**SOURCE DATA**

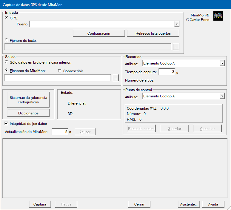 Captura de datos GPS en tiempo realLa aplicación permite capturar los datos transmitidos por un GPS y los convierte a un fichero de líneas que se representa a tiempo real sobre la cartografía (ortofoto, mapas topográficos, etc). MiraMon posiciona la vista adecuadamente en función de la posición y del momento de la estación (map moving) y muestra, en todo momento, información del estado del seguimiento GPS. Para más información en relación al funcionamiento del programa, la sintaxis, etc, se puede consultar GPSMM: Captura de datos GPS en tiempo real.
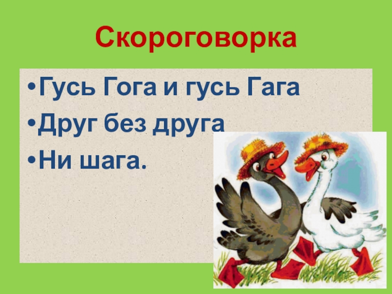 Скороговорка Гусь Гога и гусь Гага Друг без другаНи шага.
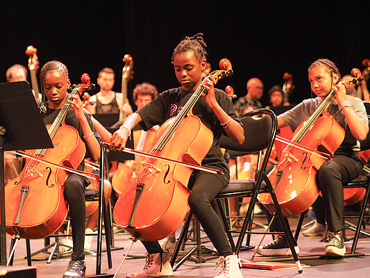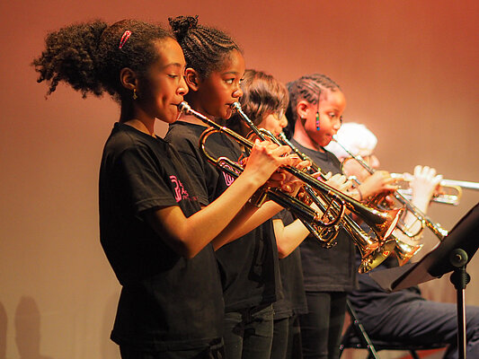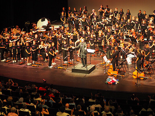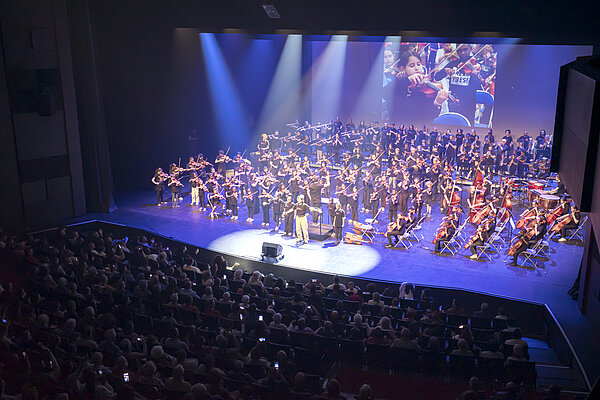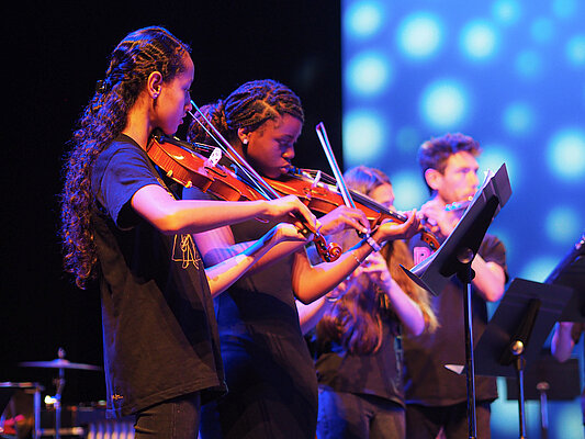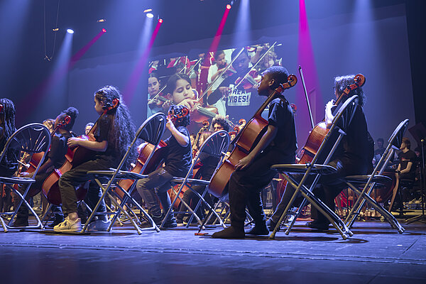 Chaque enfant se voit confier un instrument de musique pendant trois ans. Encadré par des professionnels de la musique et du champ social, il suit deux cours collectifs par semaine et retrouve tous les mois les autres enfants du territoire pour une répétition en orchestre. Un grand concert est organisé en fin d’année au théâtre Le Quai.
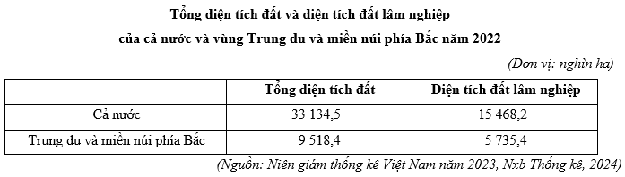 Căn cứ vào bảng số liệu trên, hãy cho biết tỉ trọng đất lâm nghiệp trong tổng diện tích đất của Trung du và miền núi phía Bắc cao hơn trung bình cả nước là bao nhiêu %? (làm tròn kết quả đến một chữ số thập phân)

**WORK TO BE COMPLETED**
Would you restate the listing word for word and leave every picture out?

**RESPONSE BELOW**
 Captura de datos GPS en tiempo realLa aplicación permite capturar los datos transmitidos por un GPS y los convierte a un fichero de líneas que se representa a tiempo real sobre la cartografía (ortofoto, mapas topográficos, etc). MiraMon posiciona la vista adecuadamente en función de la posición y del momento de la estación (map moving) y muestra, en todo momento, información del estado del seguimiento GPS. Para más información en relación al funcionamiento del programa, la sintaxis, etc, se puede consultar GPSMM: Captura de datos GPS en tiempo real.
 Скороговорка Гусь Гога и гусь Гага Друг без другаНи шага.
 Chaque enfant se voit confier un instrument de musique pendant trois ans. Encadré par des professionnels de la musique et du champ social, il suit deux cours collectifs par semaine et retrouve tous les mois les autres enfants du territoire pour une répétition en orchestre. Un grand concert est organisé en fin d’année au théâtre Le Quai.
 Căn cứ vào bảng số liệu trên, hãy cho biết tỉ trọng đất lâm nghiệp trong tổng diện tích đất của Trung du và miền núi phía Bắc cao hơn trung bình cả nước là bao nhiêu %? (làm tròn kết quả đến một chữ số thập phân)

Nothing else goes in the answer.